What’s happening here? The friction is subtle but real:
- Time spent crafting prompts
- Time reviewing AI-generated suggestions
- Integration overhead with complex codebases
- Context switching between coding and AI interaction
Some orgs are seeing different results — companies like Webflow report 20% throughput increases for AI users. But here’s the key insight: the organizations that succeed with AI tools are the ones measuring both adoption and delivery performance.
They’re not just tracking “acceptance rate” or “lines of AI-generated code.” They’re watching DORA metrics, reviewing code quality, monitoring technical debt accumulation, and surveying developer experience. They’re building the full picture.
My Recommendation: A Practical Framework
Based on everything we’ve covered, here’s how I’d approach measurement at your company:
-
Start With DORA as Your Foundation — Track all four metrics together. Use them to establish your baseline and identify bottlenecks. Don’t set targets initially — just observe and understand your current state.
-
Layer in Outcome Metrics — For each major initiative or feature area, define clear outcome metrics tied to business goals: user engagement changes, support ticket volume shifts, error rate improvements, revenue impact (where applicable).
-
Add Qualitative Signals — Numbers alone won’t tell you everything. Regular team health checks, developer satisfaction surveys, and code review quality assessments give you the context metrics can’t capture.
-
For AI Tools: Measure the Whole System — If you’re adopting Cursor or Claude Code (or any AI coding assistant): track DORA metrics before and after adoption; monitor code quality and technical debt trends; survey developers on actual vs. perceived productivity; watch for changes in collaboration patterns; measure PR cycle time and review complexity. Don’t just look at tool-specific metrics like “suggestions accepted.” That’s an output. Ask: are we delivering value faster? Is code quality improving? Are developers less burned out?
-
Create Review Rituals — Have monthly or quarterly “metrics retrospectives” where you review your measurement approach itself; ask whether you’re optimizing for the wrong things; check if any metrics have become unhealthy targets; adjust what you measure based on what you learned.
-
Resist the Silver Bullet — No single metric will tell you everything. Not DORA. Not PR count. Not AI acceptance rates. The goal is a balanced portfolio of measurements that, together, give you a clear picture of team health and delivery capability.
The Bottom Line
We can’t avoid measurement — it’s how we know if we’re improving. But we can be thoughtful about what we measure and why.

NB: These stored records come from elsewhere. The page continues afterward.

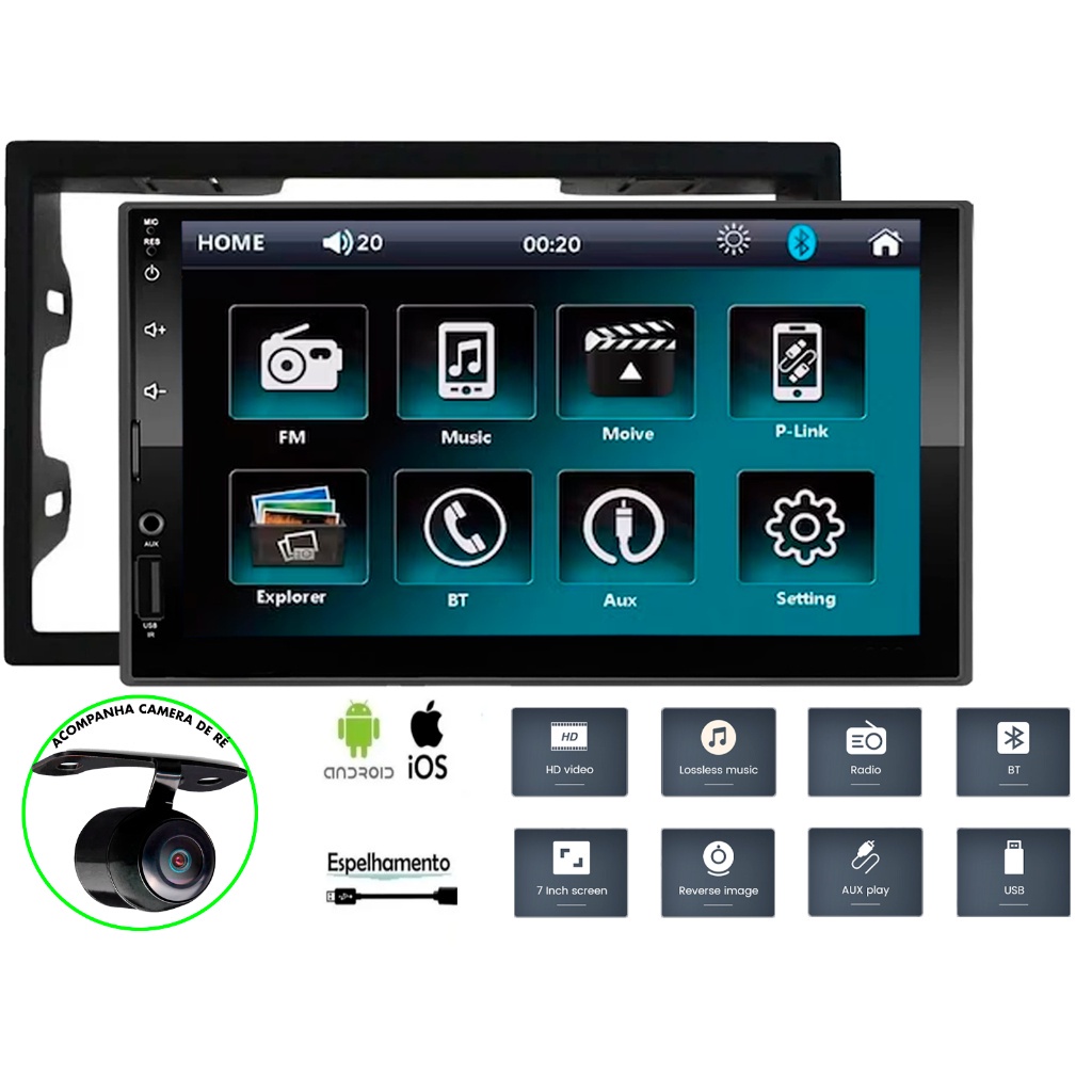 Kit Central Multimídia + Câmera de Ré Chevrolet Corsa Classic 2012 2013 2014 2015 2016 Bluetooth Espelhamento USB Touch 2 Din MP5 SD 7 Polegadas
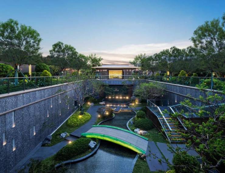 写意瘦西湖,亭廊林立,层林纳园,超大核心水系约900㎡,冰川蓝马赛克池底,长廊围合,中心发光庭透光玉石点缀,涌泉跌水,营造浪漫度假氛围
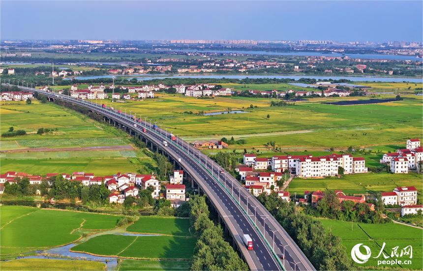 An expressway passing near Xijiang village of Nanxin township, in Nanchang county, Nanchang city, the capital of east China's Jiangxi Province, forms a harmonious view combining a modern landscape with rural scenery. White-walled and red-tiled farmhouses line the route, contrasting delightfully with the rice paddies as they transition from green to golden hues.
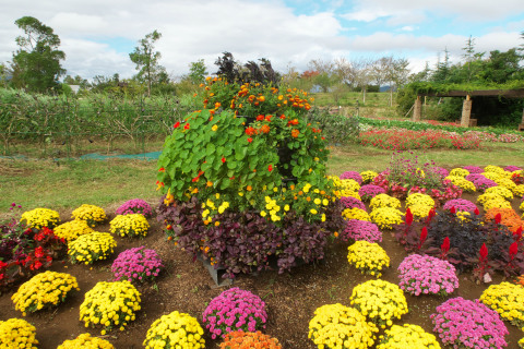 ここは神奈川県の施設なんだけど、季節によって様々なテーマで花畑が演出されます。今の時期はやっぱりハロウイーン、おっきいカボチャがごろごろしてました。
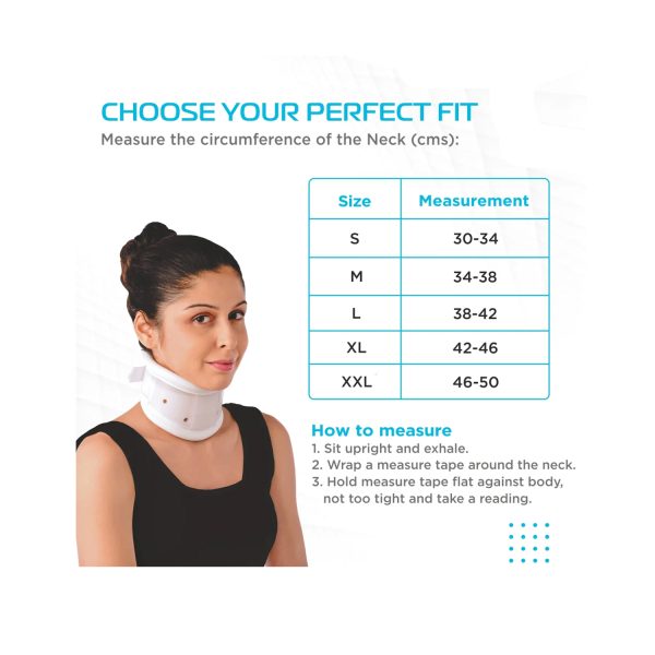 Anatomically designed firm cervical collar made with durable material provides a firm support to your neck and immobilizes the cervical spine.
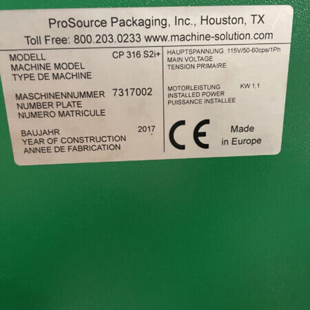 • Seal bar: 16″W x 20″L, hot wire, magnetic hold down.
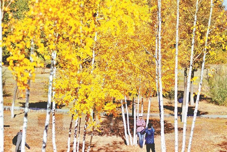 12日,哈爾濱市道里區(qū)麗江路附近的松花江畔,一小片白樺林吸引人們駐足觀賞、拍照。深秋的白樺樹,樹干筆直高聳,樹皮潔白如紙。枝頭的葉子已經(jīng)由綠色變成了金黃色,在陽光的照耀下,色彩濃重,景色迷人。本報記者 蘇強攝
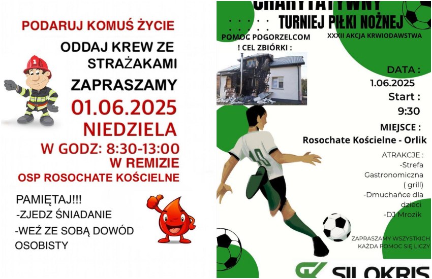 Ochotnicza Straż Pożarna Rosochate Kościelne przygotowała na 1 czerwca 2025 roku podwójne wydarzenie pomocowe. Mieszkańcy gminy będą mogli wziąć udział w XXXII akcji krwiodawstwa oraz charytatywnym turnieju piłki nożnej, którego celem jest pomoc pogorzelcom z Czyżewa.
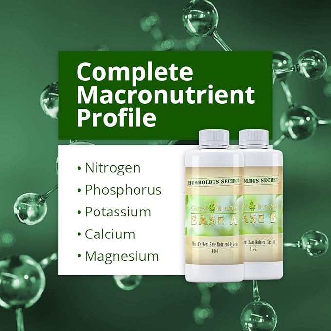 - COMPLETE MACRONUTRIENT PROFILE FOR PLANT NUTRITION: The combination of our Base A & B Bundle results in a complete feed for rapidly growing flowering plants and indoor plants. Our signature blend consists of Nitrogen, Phosphorus, Potassium, Calcium, Magnesium, and more.

The fishing net parable reminds us that our instruments shape what we see. Choose the wrong metrics, and you’ll miss the fish you’re actually trying to catch. Focus on outputs alone, and you’ll ship lots of features nobody needs. Let any single metric become a target, and watch Goodhart’s Law turn it into a distortion of what you’re trying to achieve.
The path forward isn’t to measure less — it’s to measure better. Use frameworks like DORA that capture outcomes, not just activity. Balance quantitative metrics with qualitative insights. Stay skeptical of metrics that feel too easy to game. And above all, keep asking: “does this measurement help us deliver more value, or does it just make us look busy?”
Because at the end of the day, that's what matters. Not how many PRs we merged or how many lines of code Claude wrote. But whether we built something that made our users' lives better. That's the measure that counts.